For additional examples, downloadable code, and explanations of the overall effort, see: https://github.com/SDITools/ga-and-r-examples
To see this specific example in Shiny (web/interactive) form, see: https://gilligan.shinyapps.io/forecasting/

Overview

This example is an exploration of using Holt-Winters forecasting for anomaly detection. Mainly, it’s geared towards an explanation of time-series decomposition and how that technique can be used to identify whether some set of data falls outside of an expected range.

Setup/Config

Start with the initial configuration of variables and the theme.

# Load the necessary libraries. 
if (!require("pacman")) install.packages("pacman")

## Loading required package: pacman

pacman::p_load(googleAnalyticsR,  # How we actually get the Google Analytics data
               tidyverse,         # Includes dplyr, ggplot2, and others; very key!
               splitstackshape,   # For some data munging (probably better to use a tidyverse package)
               plotly,            # We're going to make the charts interactive
               scales,            # Useful for some number formatting in the visualizations
               lubridate,         # For the wday function
               tools)             # For our stepwise regression

# Authorize GA. Depending on if you've done this already and a .ga-httr-oauth file has
# been saved or not, this may pop you over to a browser to authenticate.
ga_auth(token = ".httr-oauth", new_user = TRUE)

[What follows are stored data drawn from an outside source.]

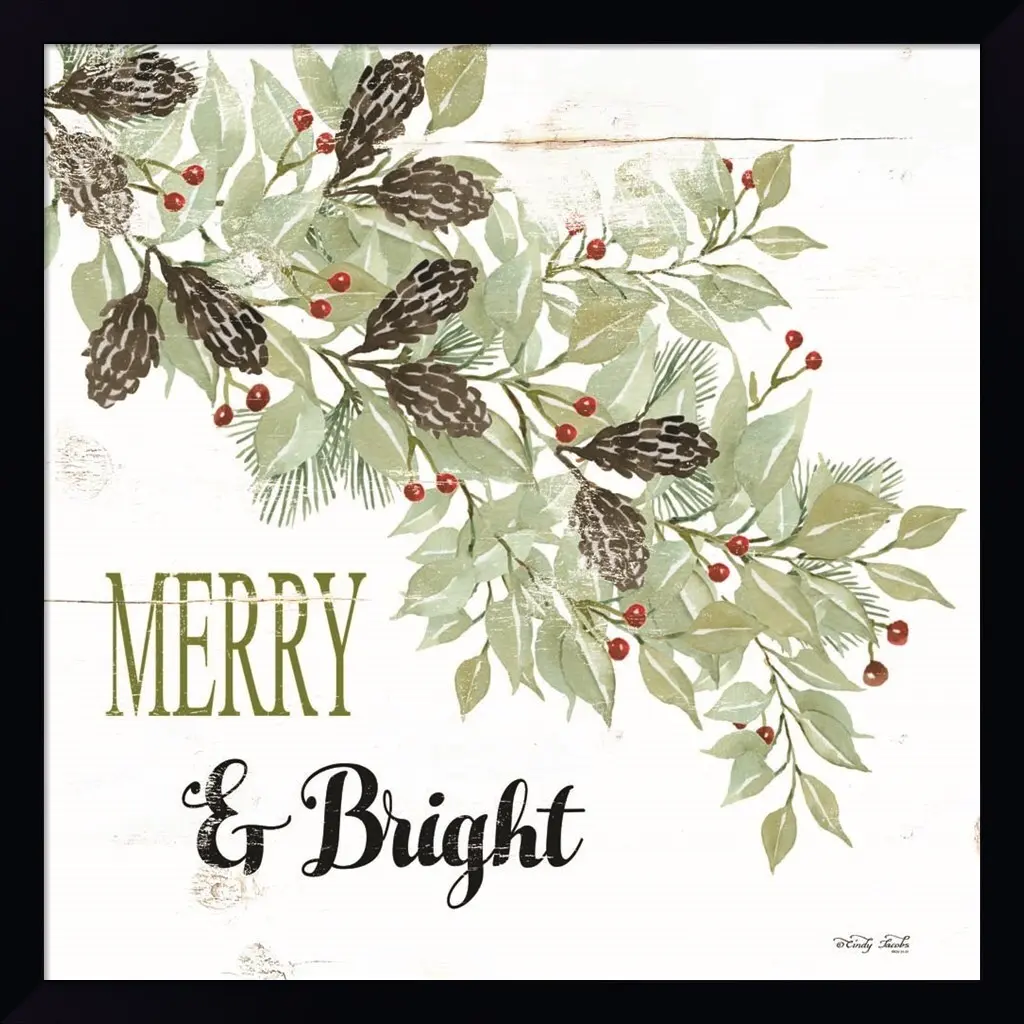 Merry & Bright by Cindy Jacobs is a high quality piece of framed artwork. The finished size of this piece is 17.5" X 17.5". It has a Petite Black with Flat Front frame and is finished with high quality Acrylic Plexiglass. 100% Satisfaction Guaranteed.
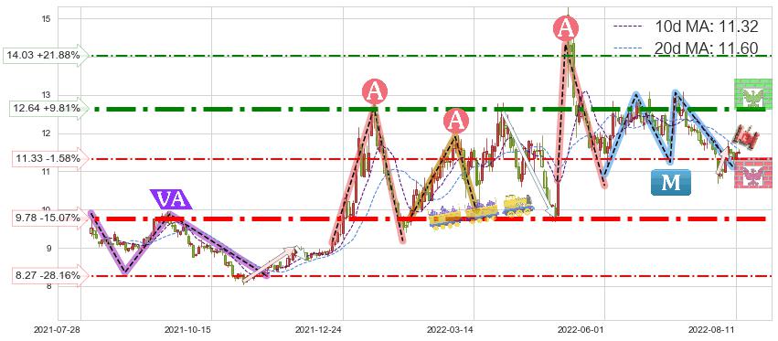 ♘ 支撑价格位11.33,可信任强度54.19%,距离最后交易2022-08-12形成的收盘价格11.51相差 -1.58%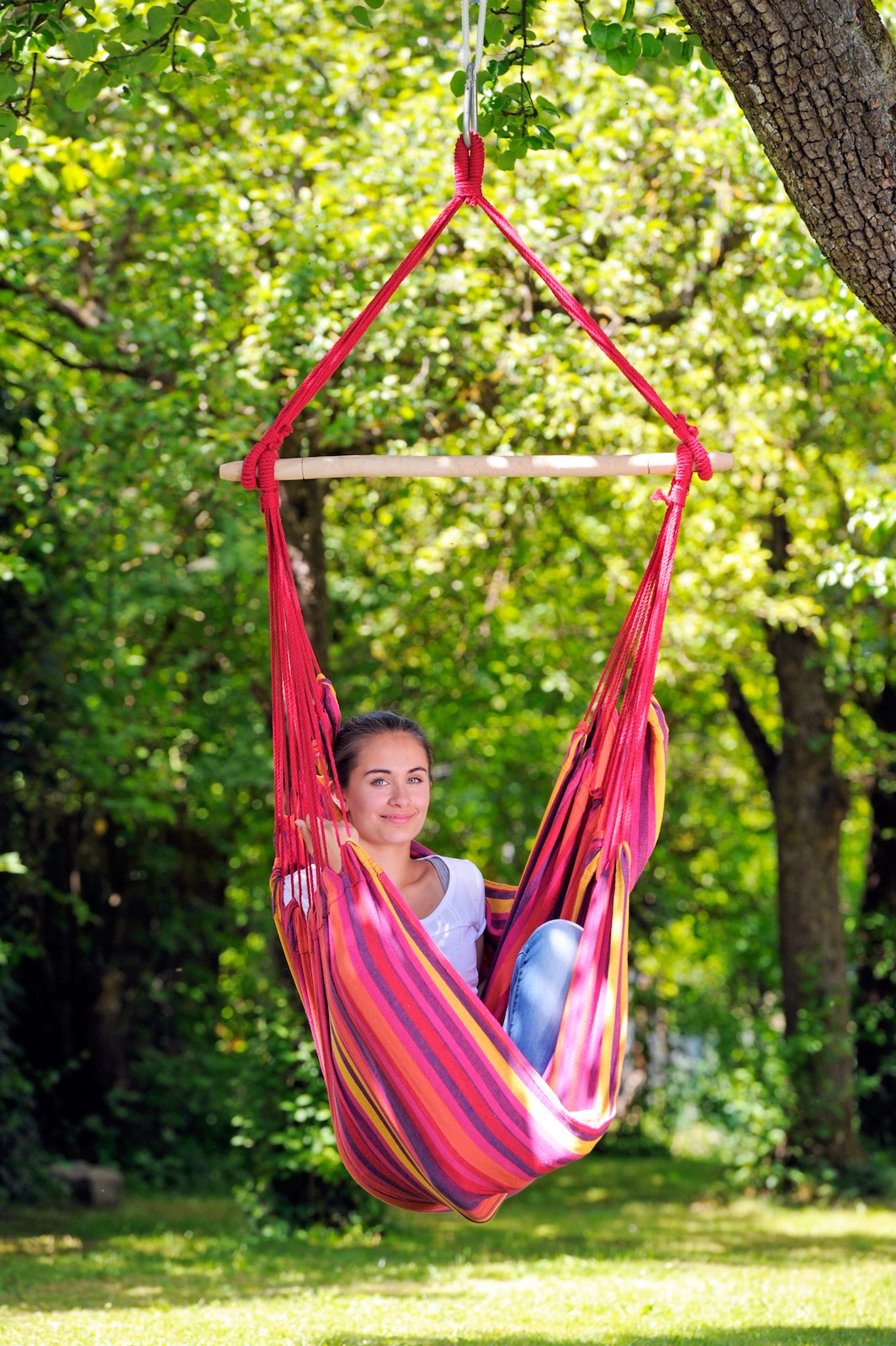 Der Hängesessel Relax ist der perfekte Ort, um einfach mal abzuhängen. Dieses leichte Möbelstück wiegt nur 1,8 kg und kann im Handumdrehen auf- oder abgehängt werden. So schwebst du mühelos über den Dingen...
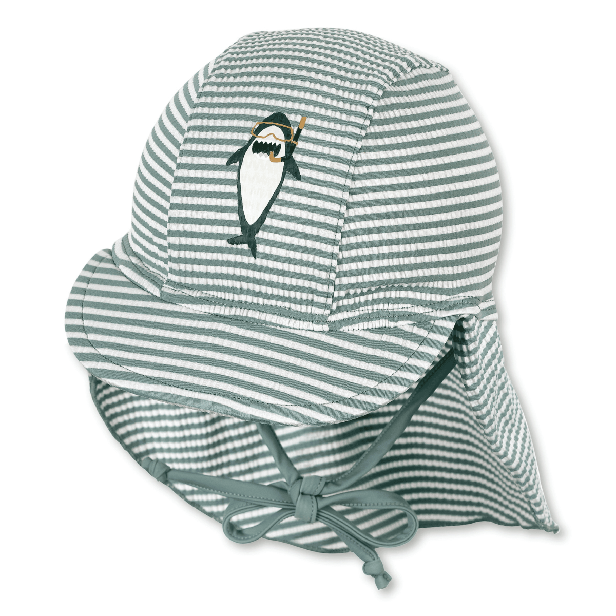 Dank des Bindebands kann die Mütze sicher unter dem Kinn deines Babys befestigt werden und ist somit ideal für Aktivitäten im Freien. Der niedliche Hai-Aufdruck macht die Mütze zu einem süßen Blickfang und rundet das Allover-Streifen-Design ab.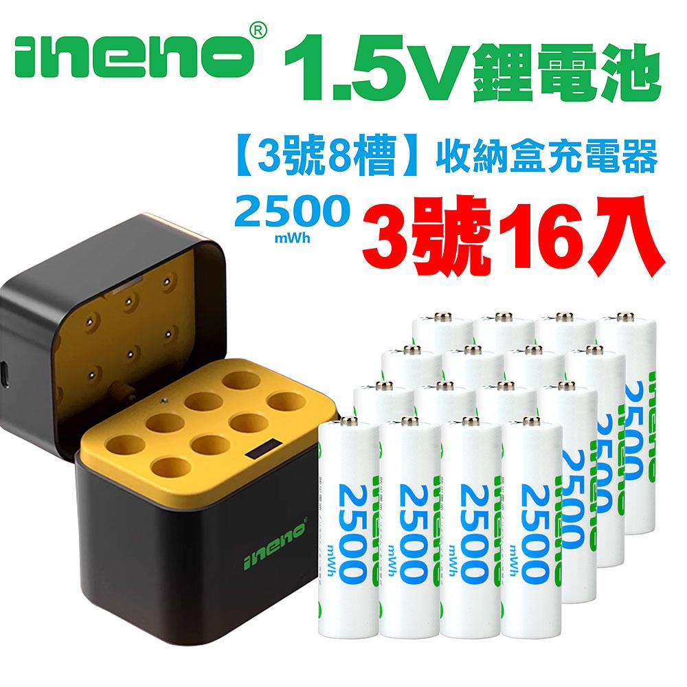【ineno】3號/AA 恆壓可充式1.5V鋰電池全新特大能量2500mWh16入+(3號8槽)AI隨身收納盒充電器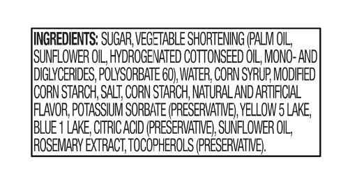 Sugar, Vegetable Shortening (Palm Oil, Sunflower Oil, Hydrogenated Cottonseed Oil, Mono- and Diglycerides, Polysorbate 60), Water, Corn Syrup, Modified Cornstarch, Salt, Cornstarch, Natural and Artificial Flavor, Potassium Sorbate (Preservative), Yellow 5 Lake, Blue 1 Lake, Citric Acid (Preservative), Sunflower Oil, Rosemary Extract, Tocopherols (Preservative)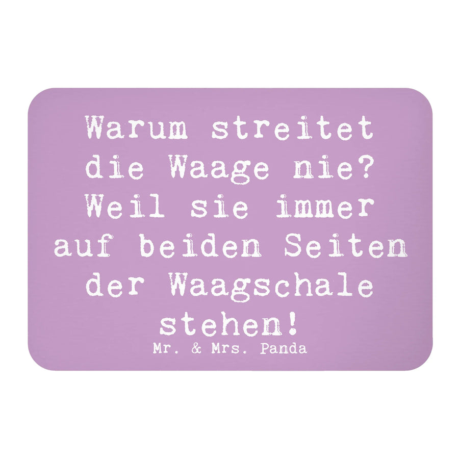 Mit der liebevoll handgezeichneten Illustration einer Waage, die mit dem Spruch "Warum streitet die Waage nie? Weil sie immer auf beiden Seiten der Waagschale stehen!" verziert ist, bringt er ein Lächeln auf jede Küchentür oder Pinnwand.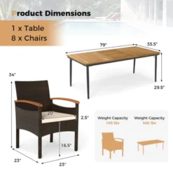 Costway 9 Pieces Outdoor Wicker Dining Set With Acacia Wood Table And 8 Armchairs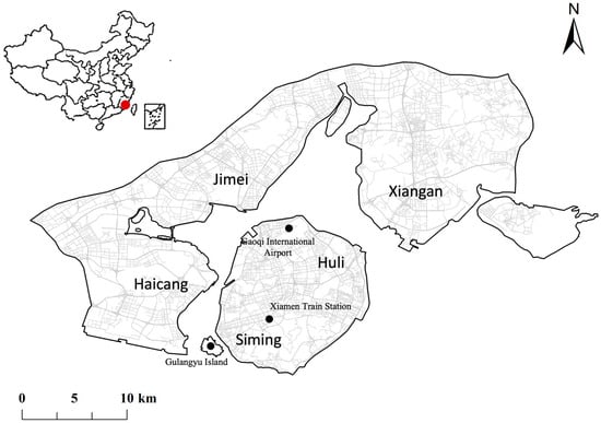 This case study focuses on the central area of Xiamen, China, located in the southeastern coastal region of Fujian Province in eastern China (24°23′ to 24°54′ N, 117°52′ to 118°26′ E). Figure 3 illustrates the study area. In Figure 3, the red dots indicate the location of the study area on the map of China. By 2020, the city had over 300 parks with a total area of nearly 8000 hectares. Xiamen’s location provides diverse public space forms, including waterfront parks and tropical botanical gardens, catering to diverse needs such as tourism, leisure, exercise, and social interactions. Thus, offering high-quality and attractive public spaces has always been a crucial focus for urban planners in Xiamen. Therefore, this study selects Xiamen as a case study to investigate and analyze the usage patterns of its public spaces. This study selected the central urban area of Xiamen, which encompasses over 60% of the city’s GDP and includes the most popular tourist attractions. It serves as the core region of urban life in Xiamen.

## Token cache file: .httr-oauth

# Set the total number of weeks to be used. The most recent week will be the "checked" week,
# while the weeks before will be used to build the forecast.
total_weeks <- 7

# Set the view ID and the date range. If you want to, you can swap out the Sys.getenv()
# call and just replace that with a hardcoded value for the view ID. 
view_id <- Sys.getenv("GA_VIEW_ID")
end_date <- Sys.Date() - wday(Sys.Date())     # The most recent Saturday
start_date <- end_date - total_weeks * 7 + 1  # Start date based on total_weeks

# Define our theme -- this will be used later for visualizations of the full-sized charts
theme_hw <- theme_bw() +
  theme(text = element_text(family="Nunito"),
        plot.title = element_text(size = 10, face = "bold", hjust = 0.5),
        plot.margin = margin(1.5,0,0,0,"cm"),
        axis.text.x = element_blank(),
        axis.text.y = element_text(size = 14),
        axis.title = element_blank(),
        axis.title.x = element_text(size = 10, hjust = 0.5),
        axis.ticks = element_blank(),
        axis.line.x = element_line(color = "gray50"),
        axis.line.y = element_blank(),
        legend.title = element_blank(),
        legend.background = element_blank(),
        legend.position = "top",
        legend.justification = "center",
        panel.border = element_blank(),
        panel.grid.major.x = element_blank(),
        panel.grid.major.y = element_line(size=0.5, colour = "gray90"),
        panel.grid.minor = element_blank())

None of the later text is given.